They say that behind every great man is a great woman. “Napoleon,” Ridley Scott’s clamorously eventful but oddly desultory new epic, wrings its own variation on that idea: Here is a man whose love for a woman fuels and finally destroys his delusions of greatness. He, of course, is Napoleon Bonaparte, played by Joaquin Phoenix with a bicorn hat, a dyspeptic grimace and an unshakable air of post-”Joker,” post-”Beau Is Afraid” tragic clownery. She is Joséphine de Beauharnais, the glittering-eyed widow who will reign at Napoleon’s side for a spell as empress of France, and who is infused with quietly mesmerizing gravity by Vanessa Kirby.

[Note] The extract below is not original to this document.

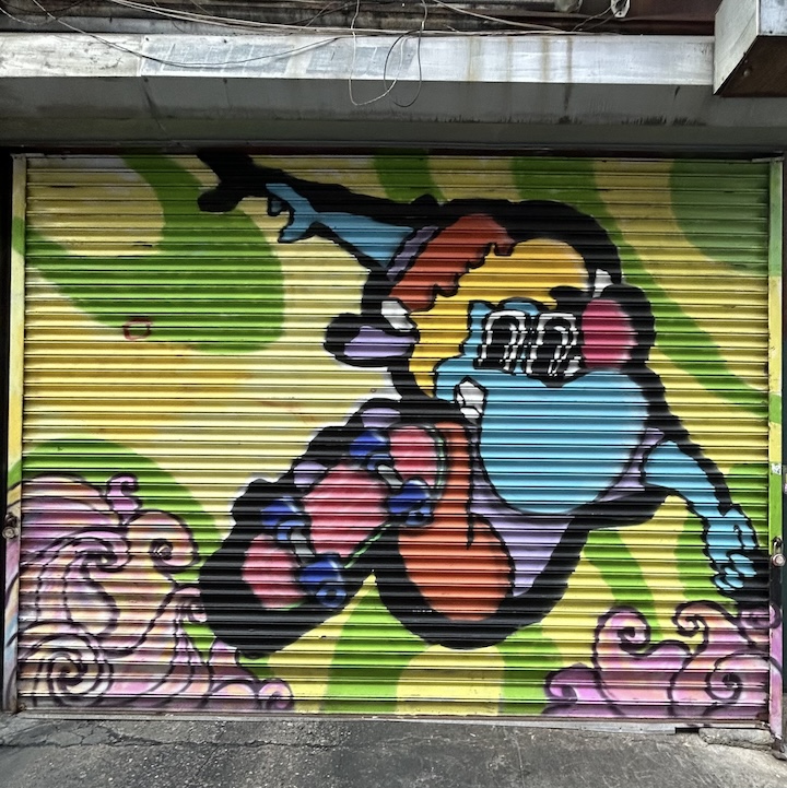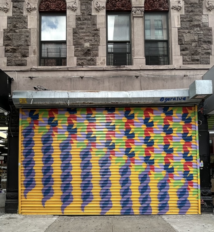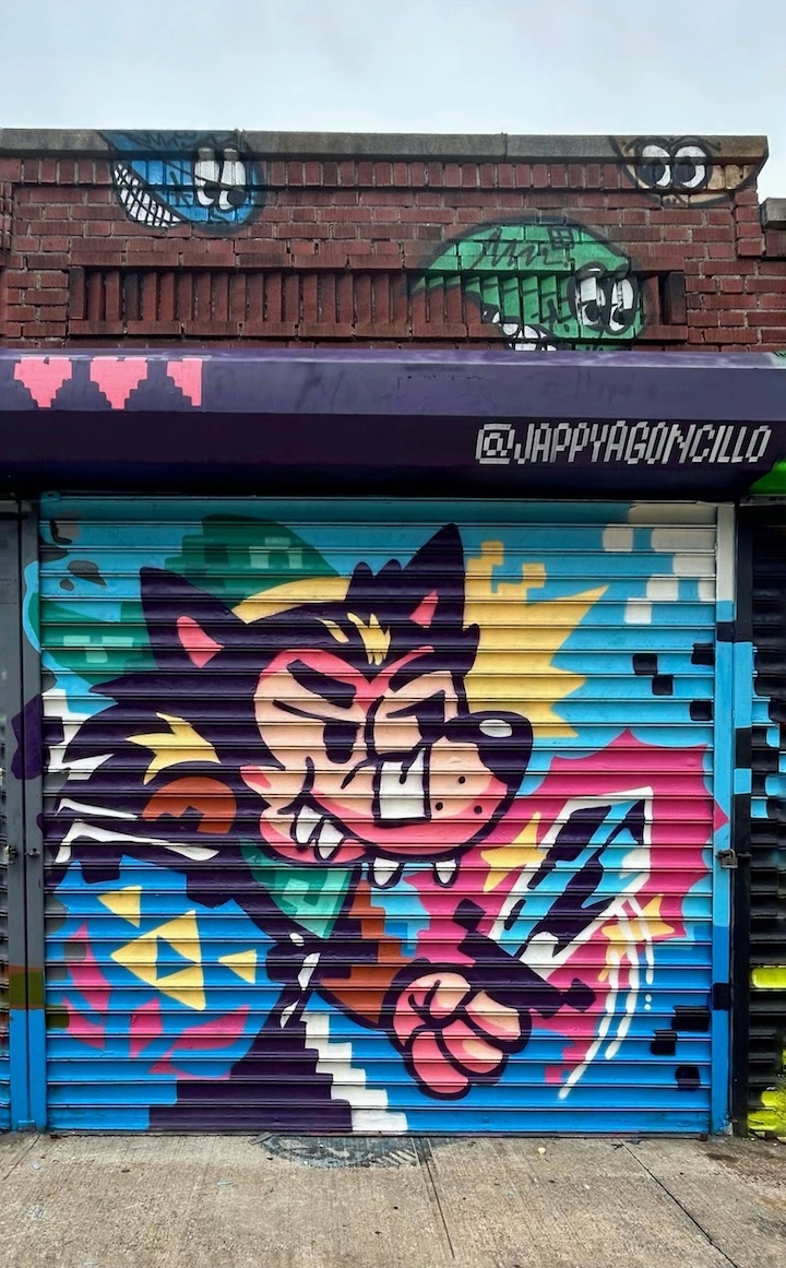 The chillingly playful shutter featured above was painted by Philippines-born, Queens-based artist Jappy Agoncillo at Welling Walls in Astoria, Queens. What follows are several more images of gates as we continue our ongoing series of NYC street art shutters.

“You are nothing without me,” Napoleon says, infuriated by reports that Joséphine has taken a lover. A few beats later, she seizes the upper hand, sealing a kinky contract of mutual need and ambition that will bind them long after they’ve been dethroned. For now, they conspire to rule over a fractious post-revolutionary France, and also to transform this lavish palatial drama and sinewy war epic into a veritable anti-romantic comedy. Their marriage is a mess of impromptu food fights, garish masquerade balls and frenzied bouts of eye-contact-free sex: Behind many a woman, it seems, thrusts a not-so-great man.
One of the movie’s fitfully tossed-off insights is that Napoleon’s grunting awkwardness in the bedroom and his tactical genius on the battlefield are expressions of the same intense desire — for dominion, conquest and a permanent place in history. Mission accomplished, bien sur. (That’s almost more French than there is in the movie, a few soundtrack chansons aside.)
And yet the aim of “Napoleon,” as written by David Scarpa ( “All the Money in the World” ), is to puncture rather than inflate its subject’s mystique, which still clings to him centuries after his ignominious defeat and death. It means to expose the hollowness of Napoleon’s lust for power, to treat this Corsican outsider’s ascent into the upper echelons of French politics as a spectacularly bad joke — and to ensure that the thousands of casualties he left in his wake, from Toulon and Austerlitz to Borodino and Waterloo, catch in your throat like the cruelest of punchlines.